• _REQUIREMENT_
Skip the pictures, and retype the data below in full, exactly.

[[ AVAILABLE DATA, beginning ]]

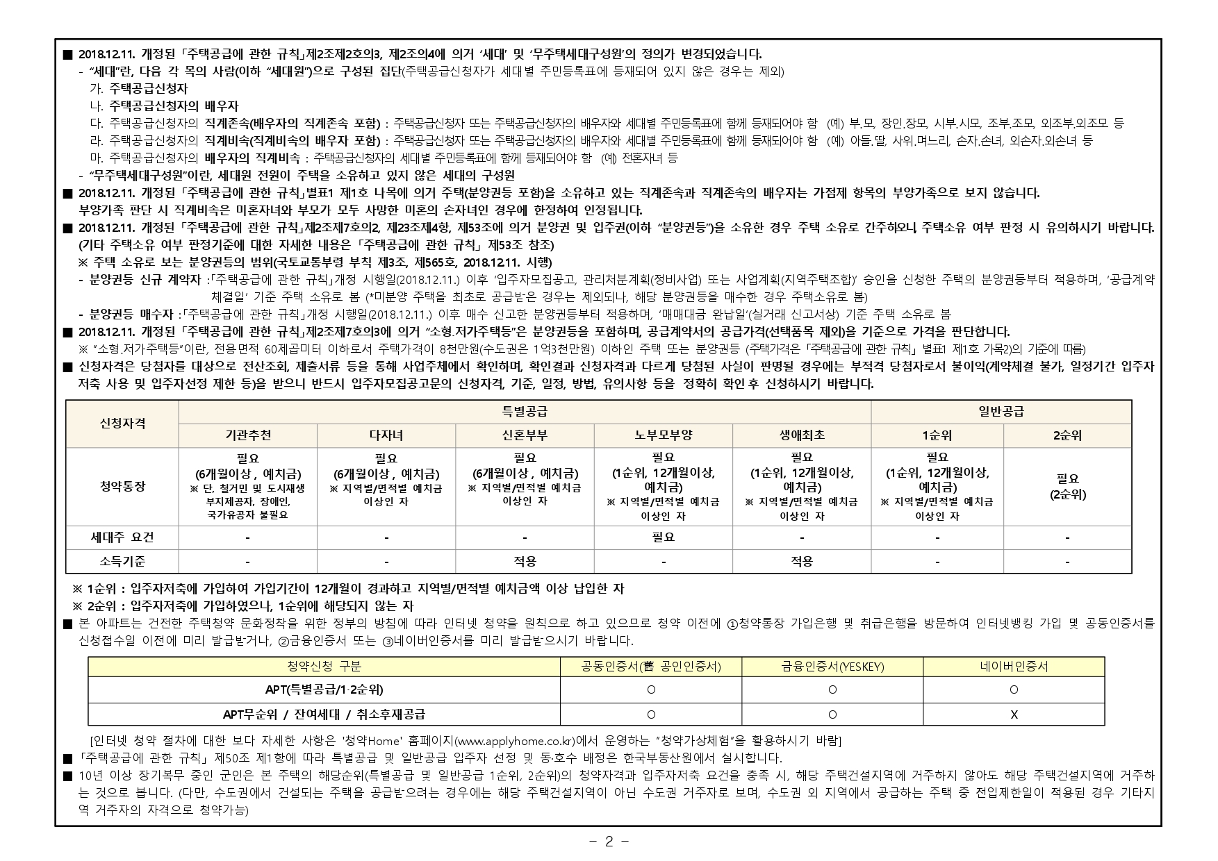 ■ 해당 주택건설지역(가평군)은 「주택법」 제63조 및 제63조의2에 의한 비투기과열지구 및 비청약과열지역으로서, 본 아파트는 「주택공급에 관한 규칙」에 따라 1주택 이상 소유한 세대에 속한 분도 1순위 자격 이 부여됩니다.
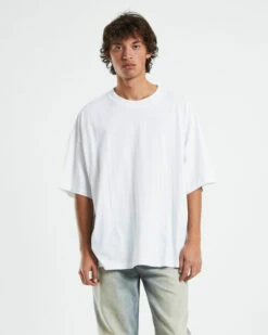 The OG Oversized T-Shirt by GP Co. Basics comes in a white colourway. This style is designed with an oversized fit, ribbed crew neckline, short sleeves and straight hem.
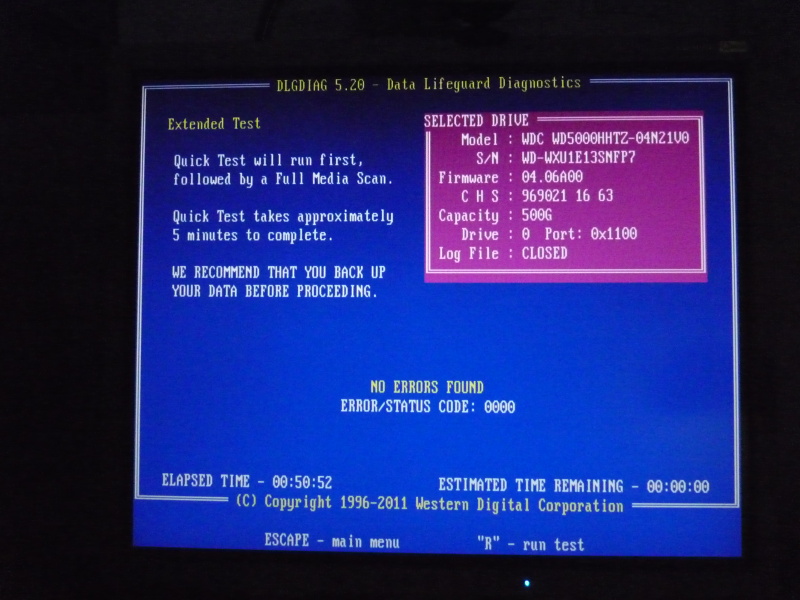 Test z UBCD nešel, tak jsem stáhnul a spustil verzi pod Win (ze stránek WD). Rychlý i kompletní test…
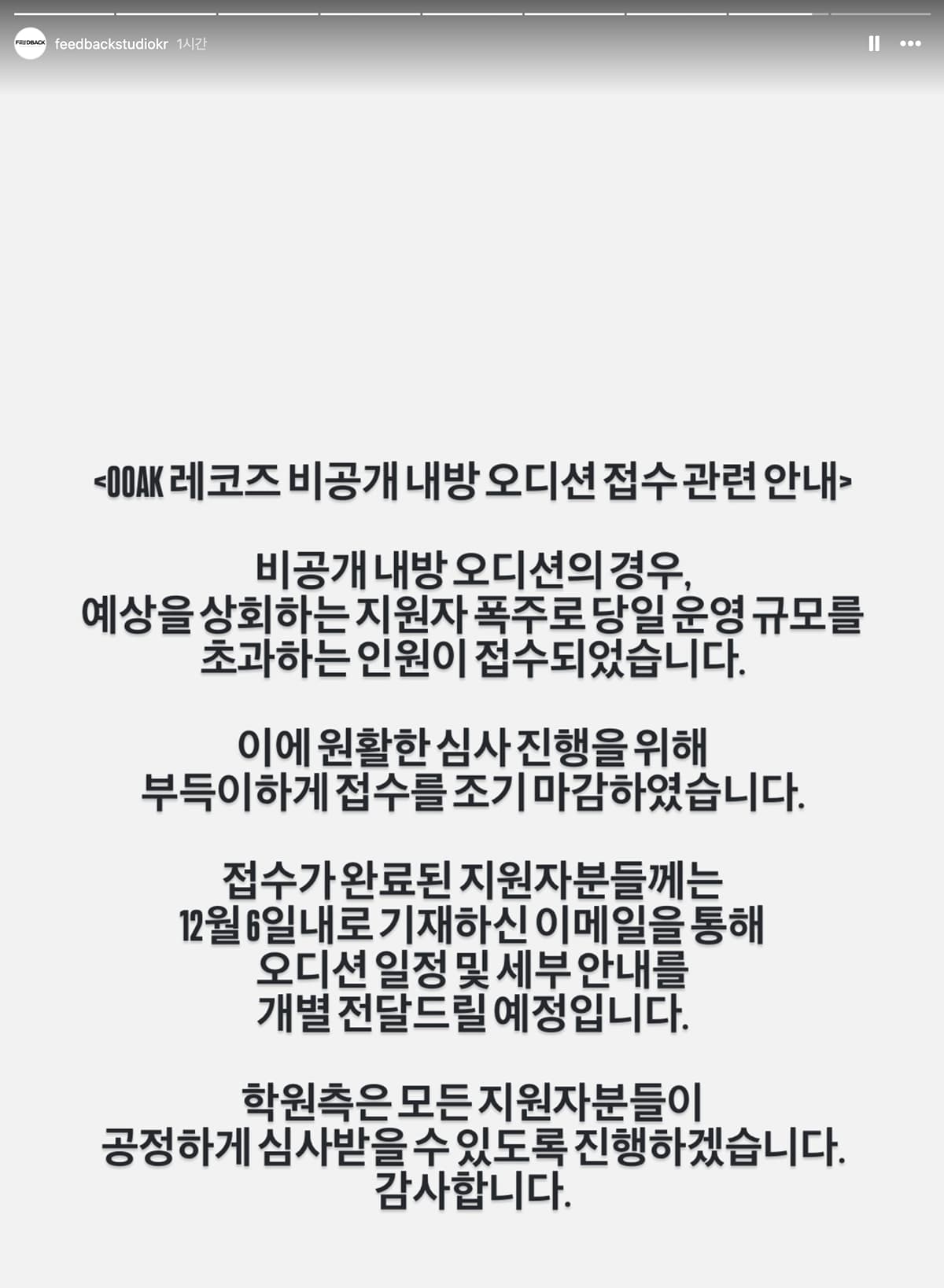 值得一提的是,日前有消息傳出 ooak Records 將於 7 日在知名舞蹈學院舉行非公開面試,似乎經過韓媒助攻後,吸引大批人報名。「Feedback Dance Studio」今(4)日於限時動態發文表示,「由於收到遠超預期的大量報名,單日可運作的規模已超出負荷。為了能順利且妥善地進行後續評選,只能提前結束報名。(Jam Republic 隊長 Kirsten、OSAKA Ojo Gang 隊長 KYOKA,以及 NewJeans 表演總監 BLACK.Q 也曾在此授課)

[[ AVAILABLE DATA, end ]]

• _COMPLETED TASK_
 ■ 해당 주택건설지역(가평군)은 「주택법」 제63조 및 제63조의2에 의한 비투기과열지구 및 비청약과열지역으로서, 본 아파트는 「주택공급에 관한 규칙」에 따라 1주택 이상 소유한 세대에 속한 분도 1순위 자격 이 부여됩니다.
 The OG Oversized T-Shirt by GP Co. Basics comes in a white colourway. This style is designed with an oversized fit, ribbed crew neckline, short sleeves and straight hem.
 Test z UBCD nešel, tak jsem stáhnul a spustil verzi pod Win (ze stránek WD). Rychlý i kompletní test…
 值得一提的是,日前有消息傳出 ooak Records 將於 7 日在知名舞蹈學院舉行非公開面試,似乎經過韓媒助攻後,吸引大批人報名。「Feedback Dance Studio」今(4)日於限時動態發文表示,「由於收到遠超預期的大量報名,單日可運作的規模已超出負荷。為了能順利且妥善地進行後續評選,只能提前結束報名。(Jam Republic 隊長 Kirsten、OSAKA Ojo Gang 隊長 KYOKA,以及 NewJeans 表演總監 BLACK.Q 也曾在此授課)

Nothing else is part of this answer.